Shah Abbasi Caravanserai located in Bisotun, Kermanshah Province, is to become a 4-star hotel, Cultural Heritage News Agency reported, quoting Khosro Mansubi head of Hotels Association.
Since the site is 30 km from Kermanshah City, a lodging facility for visitors has long been missing in the area.
The Safavid caravanserai has been restored by 90% so far. It is near the bas-relief and cuneiform inscription ordered by Darius the Great, when he rose to the throne of the Persian Empire in 521 BC.
Caravanserais were inns where traders and travelers stayed overnight while they conducted their trade during the day.
The building was commissioned by Safavid Shah Abbas I, and restored during Naseredin Shah Qajar’s reign by architect Haji Jafarkhan Isfahani.

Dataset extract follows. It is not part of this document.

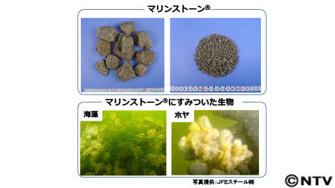 他にも、この製品の表面やすきまが、海底の生き物のすみかとなるため、二枚貝やホヤなど、濁った海水を濾(こ)しとってキレイにする力を持つと言われる生き物がすみやすくなるというメリットもあるんです。

The caravanserais were usually built about about 30 to 50 km apart. They provided board and lodging, as well as courtyards for animals and storage areas for goods.
The upper floor of Shah Abbasi Caravanserai has been missing because it was made from wood. The arch shaped cubicles provided storage space, above which were the rooms where the travelers stayed. The animals rested in the courtyard.
The caravanserai is 84 meters long and 74.5 meters wide, with 4 towers. The western towers are round; the eastern are octagonal. The entrance gate faces south.
Xenophon ascribes the institution of wayside stations or rest-stations to King Cyrus the Great, who, having found out the distance a horse could cover in a day, marked the roads into corresponding junctions depending on the terrain, and built stations consisting of stables and rooms.